▶ _COLLECTED MATERIAL_
::::::

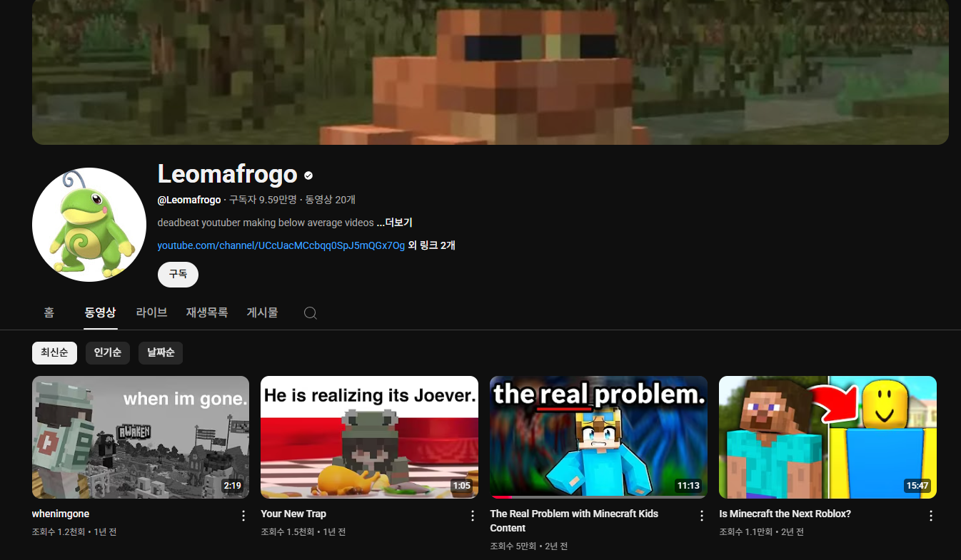 a Minecraft YouTube channel with 100K subscribers and 6.2M views.
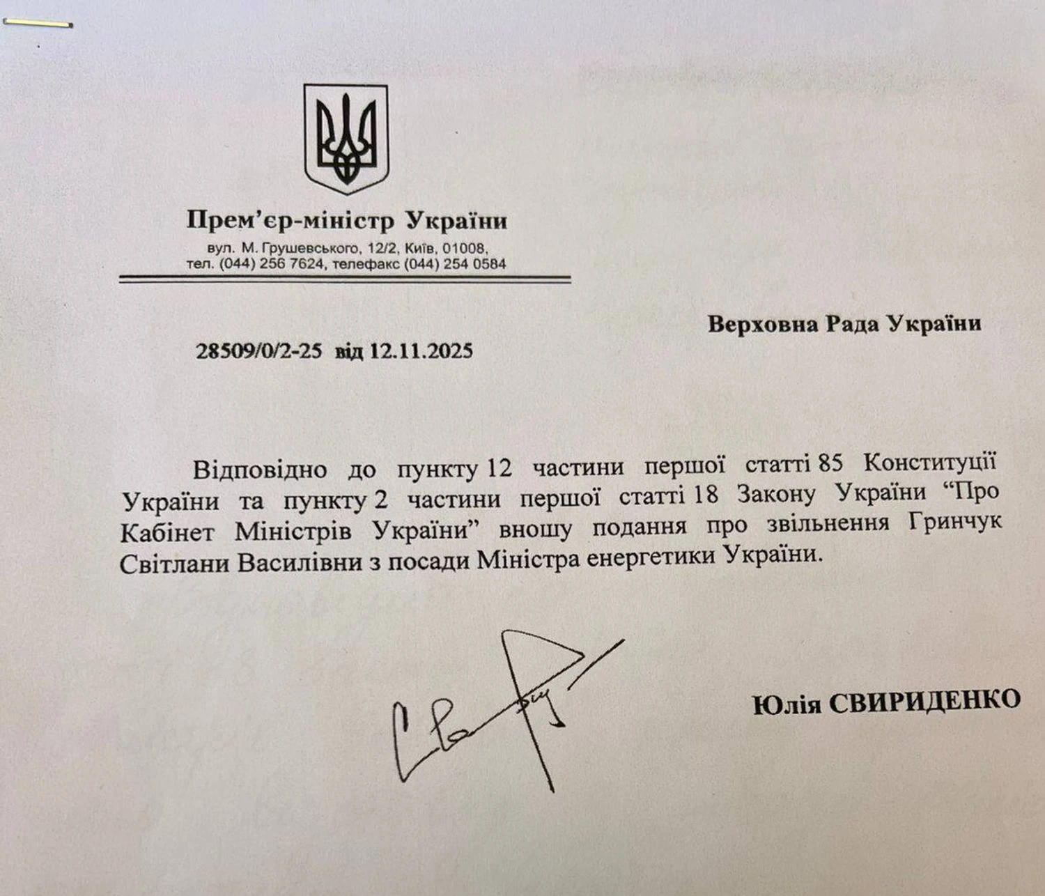 On November 12, Prime Minister Yulia Svyrydenko announced that the government had suspended Herman Halushchenko from the post of Minister of Justice. He previously held the post of Minister of Energy.
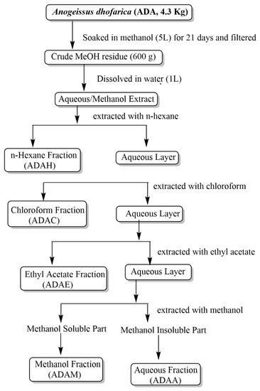 Methanol (ADAM) extract and different fractions (ADAH, ADAE, ADAC, and ADAA) of A. dhofarica were subjected to qualitative analysis via standard techniques to evidence the presence of various groups of compounds such as flavonoids, carbohydrates, alkaloids, and phenols [28,29,30,31].

::::::

▶ _WHAT IS EXPECTED_
If the data includes images, skip them and copy every line exactly.

▶ _ANSWER SPACE_
 a Minecraft YouTube channel with 100K subscribers and 6.2M views.
 On November 12, Prime Minister Yulia Svyrydenko announced that the government had suspended Herman Halushchenko from the post of Minister of Justice. He previously held the post of Minister of Energy.
 Methanol (ADAM) extract and different fractions (ADAH, ADAE, ADAC, and ADAA) of A. dhofarica were subjected to qualitative analysis via standard techniques to evidence the presence of various groups of compounds such as flavonoids, carbohydrates, alkaloids, and phenols [28,29,30,31].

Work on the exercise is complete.